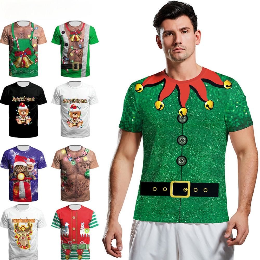 Men Women Santa Ugly Christmas T Shirt 3D Print Graphic Short Sleeve Xmas Tee
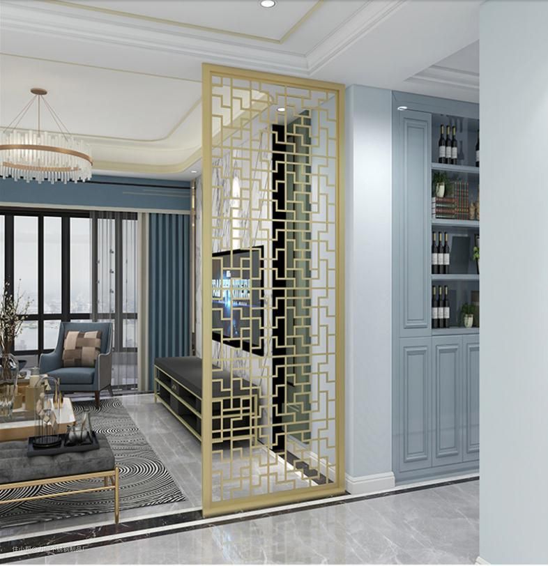 屏风是客厅中最常用的隔断。放在客厅时,可以起到很好的屏蔽作用。避免进入门看到整个房子。具有展示和空间划分的优势。
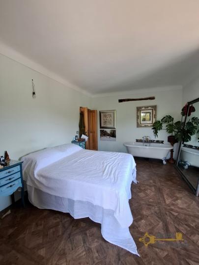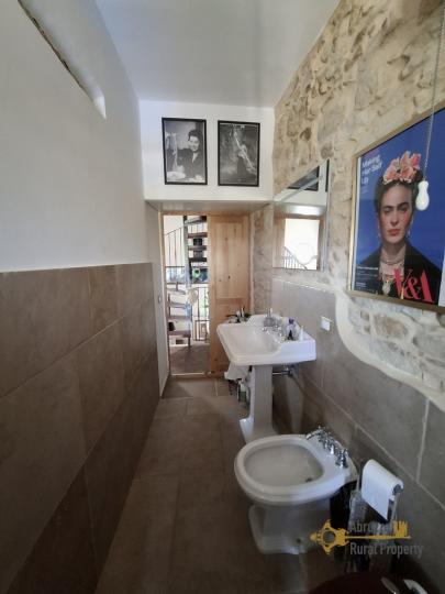 A wooden staircase takes us upstairs where we find a landing with beautiful wooden flooring, that connects the rooms of the sleeping area. On this floor we find a single bedroom with a french balcony and original vintage tiles. Proceeding we find the master bedroom with an en-suite bathtub, a window and a french balcony. Completes this floor a full bathroom with shower and exposed stone.
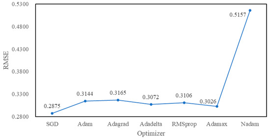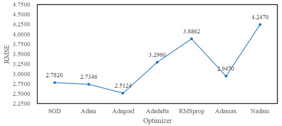 The optimization problem is to find a set of parameters for a given objective function, so that the RMSE value is the minimum. The commonly used optimizers include Stochastic Gradient Descent (SGD), Adagrad, Adadelta, RMSprop, Adam, Adamax, Nadam, etc. [39]. When tuning the optimizes in Keras, the hybrid LSTM neural network structure shown in Figure 1 only selects the LSTM layer, and the parameters of the LSTM layer are set to the default values. And the above optimal batch size, epoch time and neurons number are applied here. Figure 8 and Figure 9 are the RMSE values of different optimizers for Sample1 and Sample2 respectively.
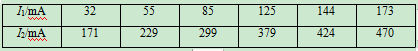 (3)实验时,调节滑动变阻器,使开关闭合后两电流表的示数为零。逐次改变滑动变阻器滑片位置并读取相应的I1和I2。所得实验数据在下表中给出。
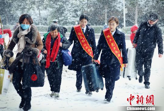12月30日,南昌车站党团员先锋队在南昌西站站前广场协助来往旅客进出站,帮助重点旅客提拿行李,保障旅客出行有序。 周光辉 摄
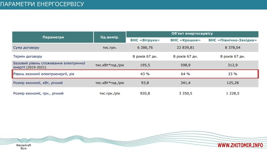 «Загальна вартість інвестицій по трьох насосних станціях – 37,5 млн грн». Щомісячно проводиться зняття всіх показників, а саме кількість поданої води й спожитої електроенергії. Це все перераховується в питому норму використаної електроенергії на кубічний метр, після порівнюється з питомою нормою, яка була закладена в тендері. Отримана економія перераховується і виплачується інвестору. 10% економії залишається для «Житомирводоканалу», а 90% виплачується інвестору протягом 8 років», – зазначає Роман Ілик.
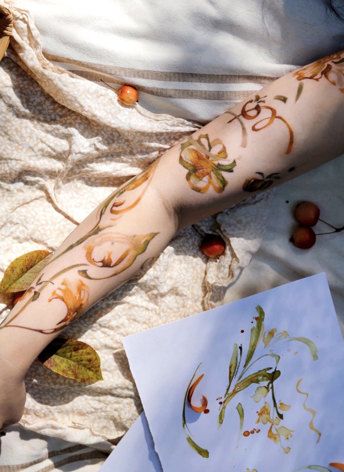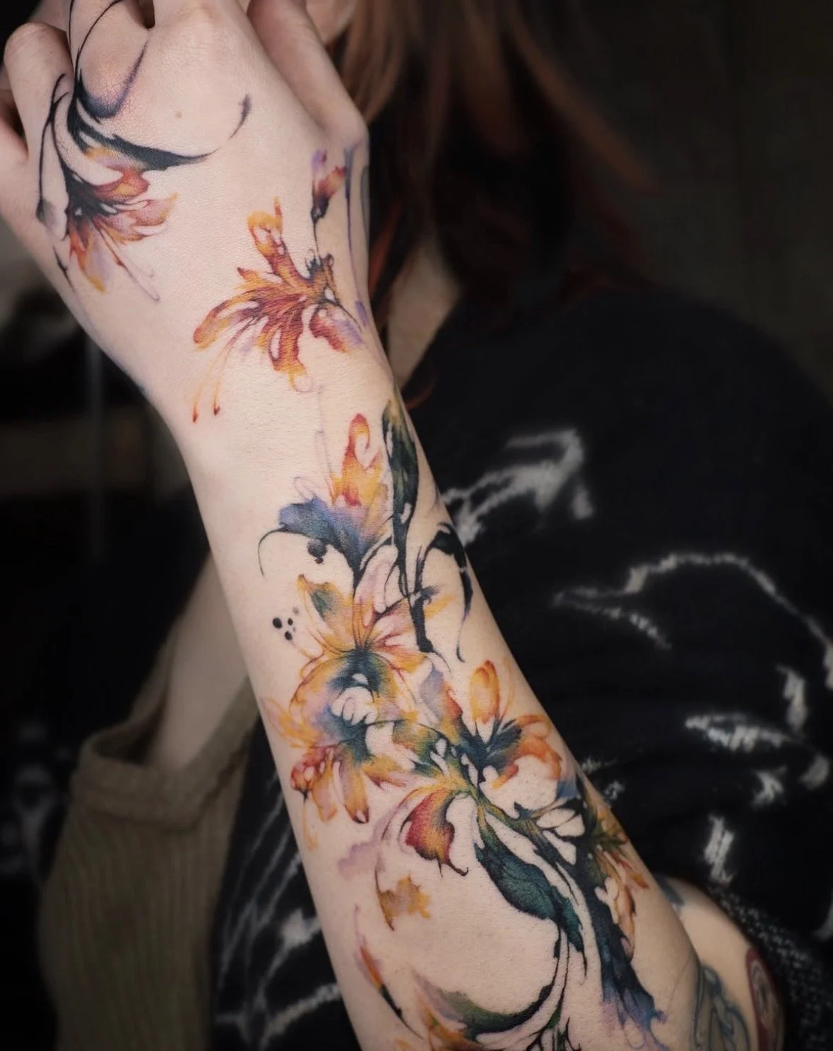If you like any of Narak's flash work or previous pieces, she can create a new, unique design in a similar style while incorporating your input into the tattoo.
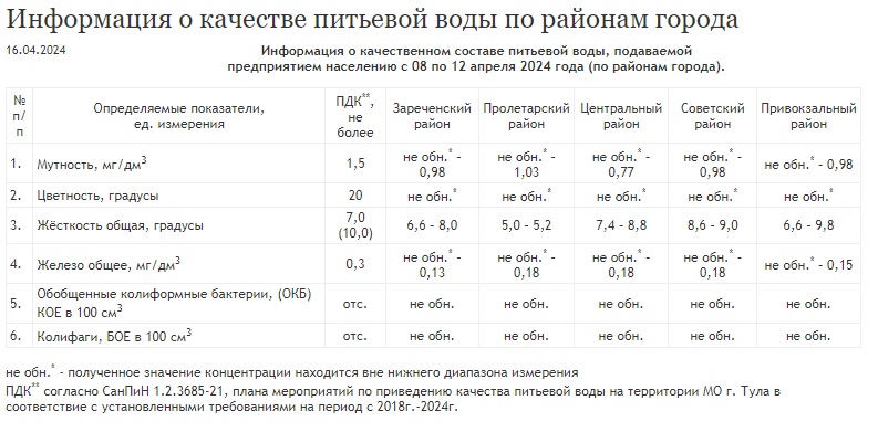 Так, с 8 по 12 апреля 2024 года максимальная жесткость воды была зафиксирована в Привокзальном и Советском округах Тулы, а максимальная мягкость — в Пролетарском.
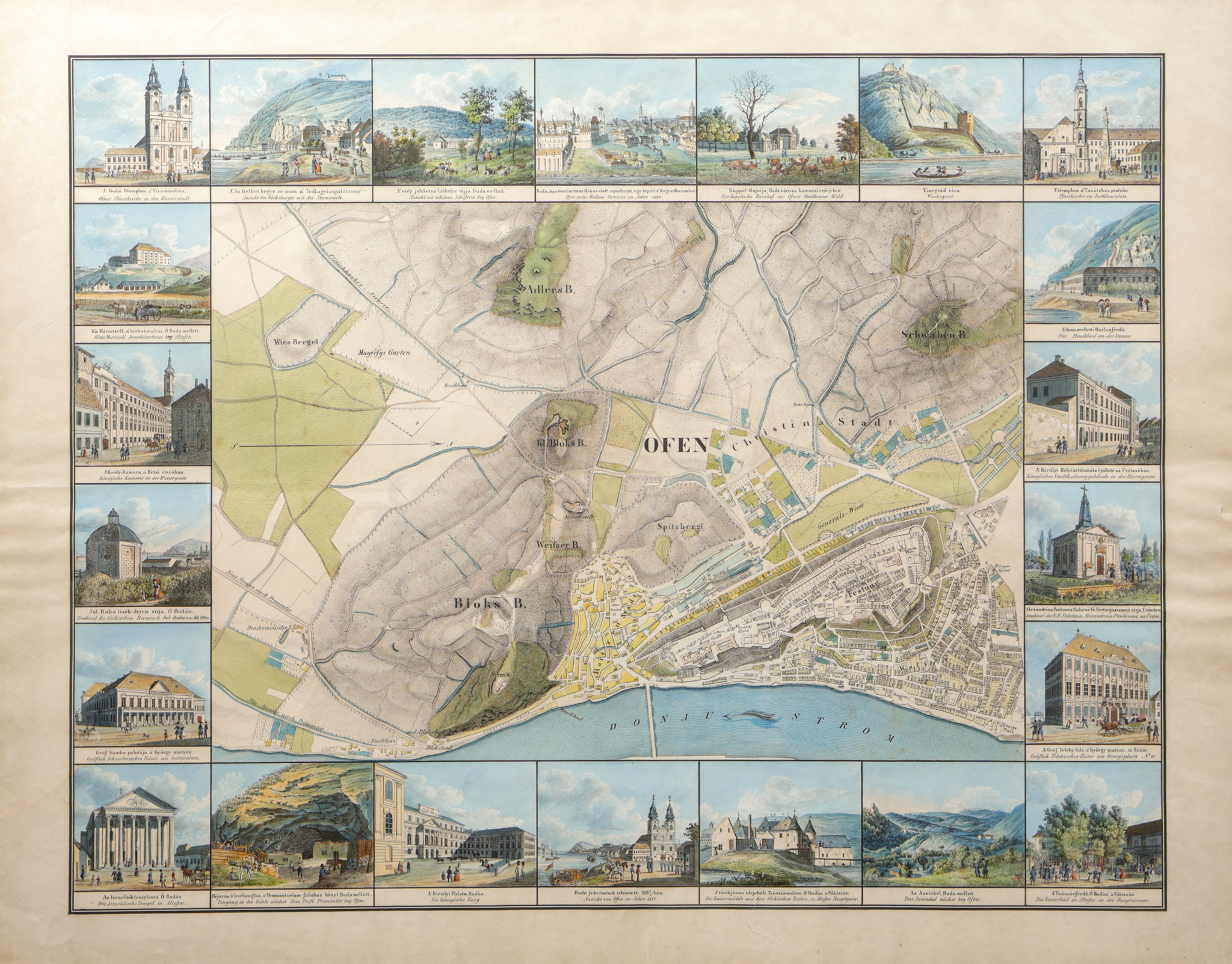 Vasquez díszalbumának négy nagyméretű, kézzel színezett, kőnyomatos térképlapjából a második, Buda városának látképe. Franz Weiss bécsi művész tollal készült litográfiája. A térkép mérete a képekkel együtt 56×71 cm.

····················

> REQUIRED ACTION
Could you retype every record above exactly, leaving the pictures out?

> WRITTEN ANSWER
 Men Women Santa Ugly Christmas T Shirt 3D Print Graphic Short Sleeve Xmas Tee
 屏风是客厅中最常用的隔断。放在客厅时,可以起到很好的屏蔽作用。避免进入门看到整个房子。具有展示和空间划分的优势。
 A wooden staircase takes us upstairs where we find a landing with beautiful wooden flooring, that connects the rooms of the sleeping area. On this floor we find a single bedroom with a french balcony and original vintage tiles. Proceeding we find the master bedroom with an en-suite bathtub, a window and a french balcony. Completes this floor a full bathroom with shower and exposed stone.
 The optimization problem is to find a set of parameters for a given objective function, so that the RMSE value is the minimum. The commonly used optimizers include Stochastic Gradient Descent (SGD), Adagrad, Adadelta, RMSprop, Adam, Adamax, Nadam, etc. [39]. When tuning the optimizes in Keras, the hybrid LSTM neural network structure shown in Figure 1 only selects the LSTM layer, and the parameters of the LSTM layer are set to the default values. And the above optimal batch size, epoch time and neurons number are applied here. Figure 8 and Figure 9 are the RMSE values of different optimizers for Sample1 and Sample2 respectively.
 (3)实验时,调节滑动变阻器,使开关闭合后两电流表的示数为零。逐次改变滑动变阻器滑片位置并读取相应的I1和I2。所得实验数据在下表中给出。
12月30日,南昌车站党团员先锋队在南昌西站站前广场协助来往旅客进出站,帮助重点旅客提拿行李,保障旅客出行有序。 周光辉 摄
 «Загальна вартість інвестицій по трьох насосних станціях – 37,5 млн грн». Щомісячно проводиться зняття всіх показників, а саме кількість поданої води й спожитої електроенергії. Це все перераховується в питому норму використаної електроенергії на кубічний метр, після порівнюється з питомою нормою, яка була закладена в тендері. Отримана економія перераховується і виплачується інвестору. 10% економії залишається для «Житомирводоканалу», а 90% виплачується інвестору протягом 8 років», – зазначає Роман Ілик.
If you like any of Narak's flash work or previous pieces, she can create a new, unique design in a similar style while incorporating your input into the tattoo.
 Так, с 8 по 12 апреля 2024 года максимальная жесткость воды была зафиксирована в Привокзальном и Советском округах Тулы, а максимальная мягкость — в Пролетарском.
 Vasquez díszalbumának négy nagyméretű, kézzel színezett, kőnyomatos térképlapjából a második, Buda városának látképe. Franz Weiss bécsi művész tollal készült litográfiája. A térkép mérete a képekkel együtt 56×71 cm.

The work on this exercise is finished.